Measuring the KPIs by themselves can often be a useful management metric, but it is not actionable. However, any actionable metric should boil down to a KPI. So, when you put in a new feature, don’t measure “how many people used the new feature”, measure “whether people who had access to the new feature were more likely to pay” or “whether people who had access to the new feature stayed on the site longer”.
6. External influences
One more key point to make about metrics is that there are many external factors that can affect your measurements. Don’t be caught out like this guy. Any test should be run with both options presented in parallel to compensate for seasonable changes. If you measure conversion with one landing page on Friday and another on Sunday, what you’re measuring is a combination of your landing page changes with the weekly cycle of traffic. So, all tests must be run in parallel.
In addition to that, if your users are interconnected, you need to be careful about how you group users together. Don’t show one user one set of features, and a different set of feature to their colleague, or you will lose both and falsify your metrics. Remember that you don’t need to have the same number of people on the A and B sides of the A/B test – you just need enough people on either side.
Management metrics are particularly susceptible to external influences, so do not use them to drive product design decisions.
7. Unmeasurable things
Finally, no metrics overview would be complete without mentioning that there are many things in the running of a business which cannot be turned into statistics. You should measure everything you can, but don’t fall into the trap of thinking you can measure things like design, product vision or even the fitness of your first few key hires.
Trying to A/B test things which are not measurable is foolish and leads to bad decisions. Even worse, ignoring key things just because they’re not measurable is selective blindness. Be very aware that there are many things in the running of a business which cannot be measured but are worth doing.
In conclusion
I’ve made a number of points that I hope will be useful to you.
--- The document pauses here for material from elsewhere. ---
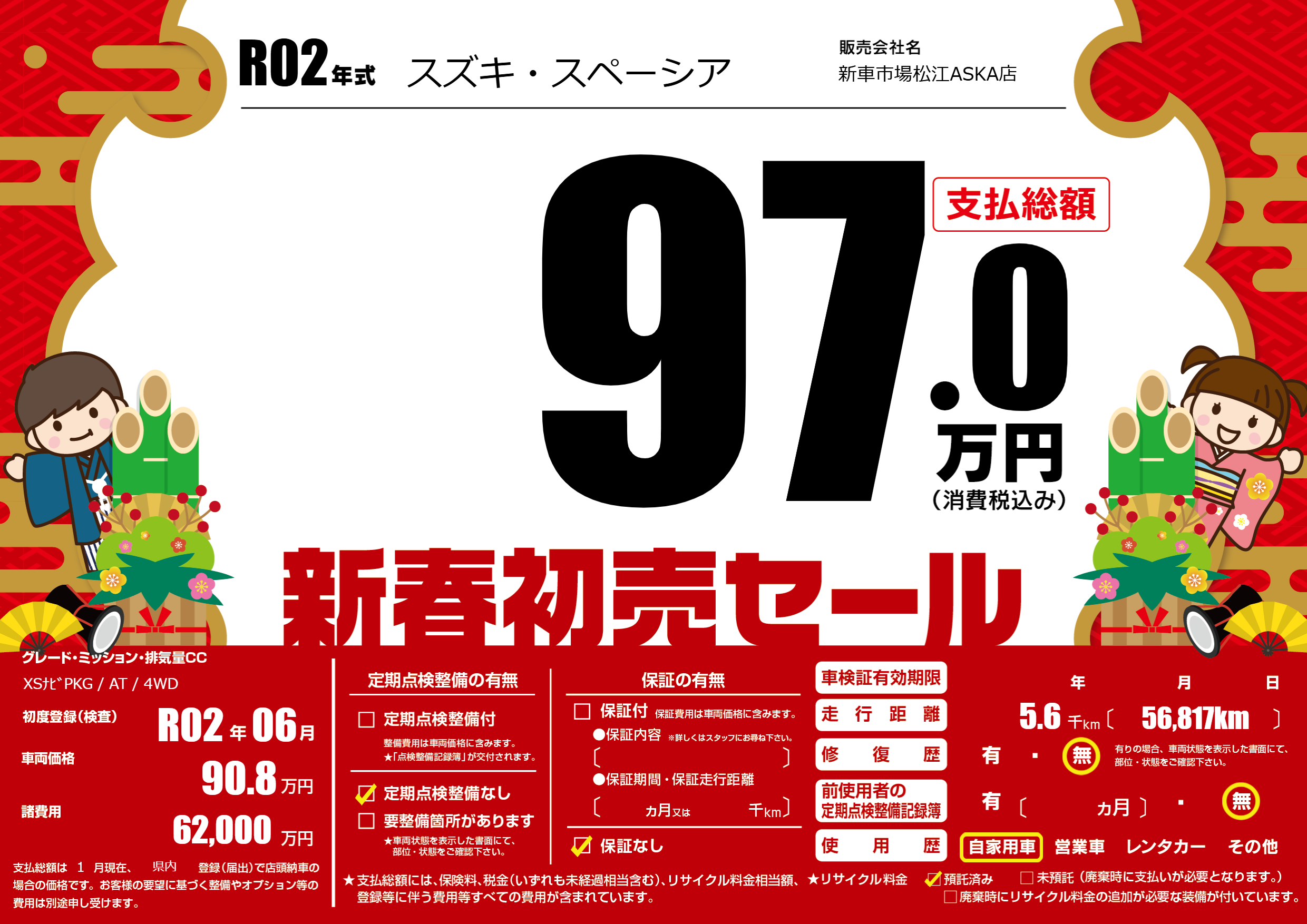 | 車名 | スズキ・スペーシア | グレード ミッション 排気量 |

The key takeaway is that using metrics incorrectly is worse than using no metrics at all. Metrics are a knife. Sharp, accurate, strong, useful – but make sure you don’t hold it by the blade:
- Care about correct metrics usage; using them incorrectly will lead you to bad decisions.
- Don’t use metrics when you don’t have the traffic; use user activity streams instead.
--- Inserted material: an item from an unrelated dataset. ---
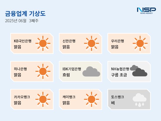 (서울=NSP통신) 강수인 기자 = 2025년 6월 3주차 금융업계 기상도는 KB국민은행·신한은행·우리은행·하나은행·카카오뱅크·케이뱅크의 ‘맑음’, NH농협은행의 ‘구름조금’, IBK기업은행 ‘흐림’, 토스뱅크 ‘비’로 기록됐다.

- Actionable metrics are metrics which drive a decision directly; don’t act on vanity metrics.
- It’s ok to measure management metrics, but be aware that they’re not actionable.
- Metrics posts provide KPIs; make sure your measurements boil down to KPIs, but don’t measure the KPIs by themselves, except as a management metric.
- Beware of external influences, they can falsify your tests.
- Don’t discard unmeasurable things, and don’t force unmeasurable things into an A/B test mold.
This is by no means a complete list – there are many more articles even on this site, let alone in other places. It takes more than one article to learn how to use metrics correctly, but hopefully this is a good starting point.
Thoughts from 2017
I find myself much further from this topic than I was then, but I believe it’s still correct. In a way, I am neither more nor less skeptical of metrics: they have their use, and if you know how to use them they will make a big difference to your business.
I would add a note of caution from a few years of experience though: be careful when linking metrics to performance or even job security. This tends to lead to serious distortions in people’s behaviour – they will optimise for the metrics that they are being rewarded for, at the expense of everything else, including the long-term success of the organisation. When it comes to motivation, intrinsic motivators are far more powerful, lasting, and less distorting. They’re also a lot harder. Maybe check this page out for many thoughts on the topic.